Published by Optica Publishing Group under the terms of the Creative Commons Attribution 4.0 License. Further distribution of this work must maintain attribution to the author(s) and the published article's title, journal citation, and DOI.
1. Introduction
Accounting for 0.5 million deaths per year internationally, breast cancer is the most common form of cancer among women and constitutes a significant global health issue [1]. This high death toll persists even though the majority of women are now diagnosed with early-stage breast cancer, which is often curative with surgery, radiation therapy, and systemic therapy.
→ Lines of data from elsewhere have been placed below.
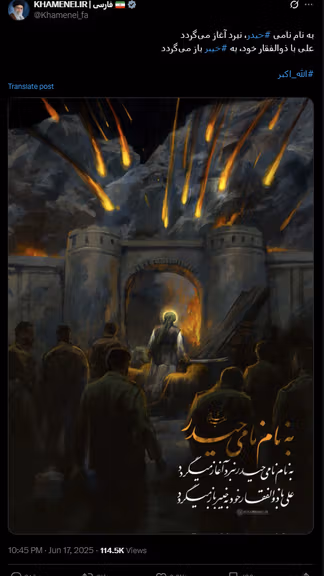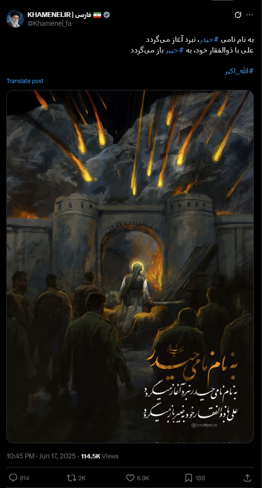 او در این پست نوشت: به نام نامی حیدر، نبرد آغاز میگردد، علی با ذوالفقار خود، به خیبر باز میگردد.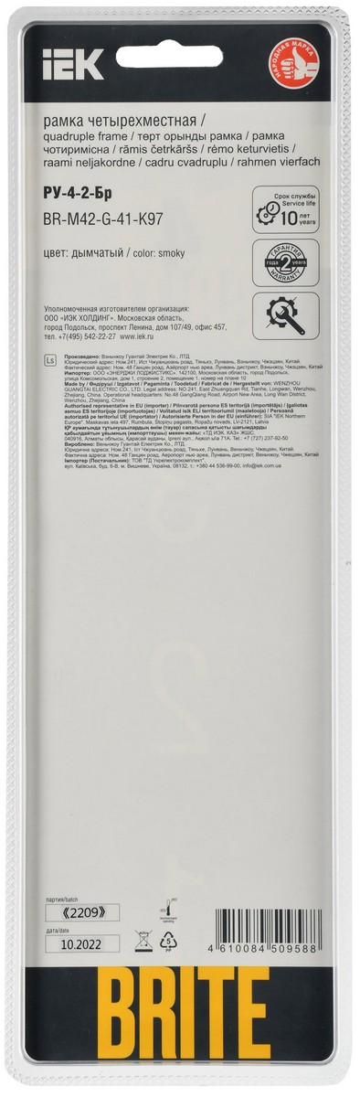 Рамка IEK BRITE DECOR Дымчатый матовый стекло скругл.угол 4-м РУ-4-2-Бр RE BR-M42-G-41-K97 по цене 3 740 руб. с фотографией и техническими характеристиками. Для покупки товара нажмите кнопку "Купить" и перейдите в корзину или позвоните по телефону 8 (495) 585 32 60 или 8 (800) 222 23 53.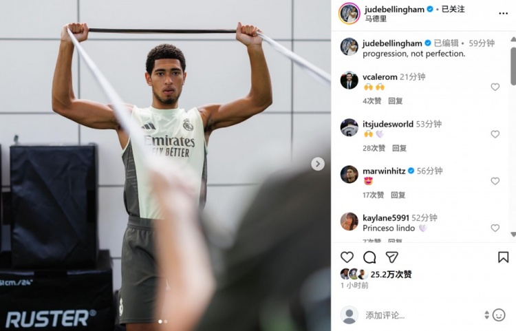 貝林厄姆在個(gè)人社媒曬出自己進(jìn)行康復訓練的照片,配文寫(xiě)道:“有一些進(jìn)展,但還不夠完美?!?/p>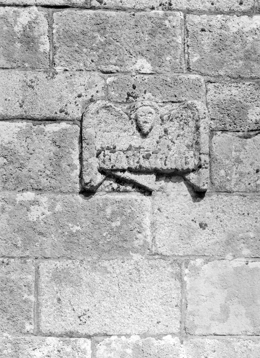 Pierre sculptée du mur est du croisillon sud (ange portant une inscription), état en 1971Immatriculation

Standard immunohistochemistry (IHC) labeling of tumor tissue biopsies, obtained by imaging molecular targets such as the estrogen receptor (ER), progesterone receptor (PR), and human epidermal growth factor receptor 2 (HER2) facilitates oncologists in determining both prognosis and treatment strategies for individual patients with breast cancer. The main advantages of the IHC technique lie in its high sensitivity and specificity, application to routinely available formalin fixed paraffin embedded samples, correlation to morphology and cost effectiveness [2]. However, despite its widespread use and incorporation into clinical practice guidelines, standard IHC has inherent limitations including low dynamic range, issues with quantification, subjectivity, multiplexing and co-localization [3–6].
For example, in a typical IHC workflow to determine the HER2 expression level a horseradish peroxidase 3,3’-diaminobenzidine (DAB) staining is used. The enzymatic oxidation of DAB generates an insoluble brownish precipitate at the location of the analyte. The completeness of the DAB precipitation along the cell membrane and the strength of the brown color are analyzed visually by pathologists to rather subjectively determine the HER2 level in a four category scoring system (0 to 3+) according to the current guidelines of American Society of Clinical Oncology/College of American Pathologists (ASCO/CAP) [7,8]. According to those guidelines, only HER2 3 + case, with complete and intense circumferential membrane staining for over 10% of the tumor cells, is considered HER2 positive. Currently, approximately 15% of women are diagnosed with HER2 positive breast cancer and receive HER2-targeted therapies such as trastuzumab, pertuzumab, or lapatinib [9]. The remaining 85% of diagnosed women fall into the negative category despite the fact that they can express weak to moderate staining in over 10% of tumor cells (cases of HER2 1 + and 2+). Since the detection of HER2 3 + cases has been of greatest clinical significance so far, the optimization of HER2 testing has always been focused on differentiating positive from negative cases rather than four distinct categories [10,11]. The recent introduction of new therapies, for example antibody conjugates like trastuzumab-deruxtecan, successfully targeting the sub-group of patients with lower HER2 levels [10,12–14], poses a new challenge of accurate and reproducible assessment of HER2 scoring at its lower end. The high rate of discordance among pathologist scoring lower HER2 levels (0, 1+, 2+) and poor interrater reliability suggest that traditional IHC doesn’t provide sufficient accuracy for clinical decision making [5,15].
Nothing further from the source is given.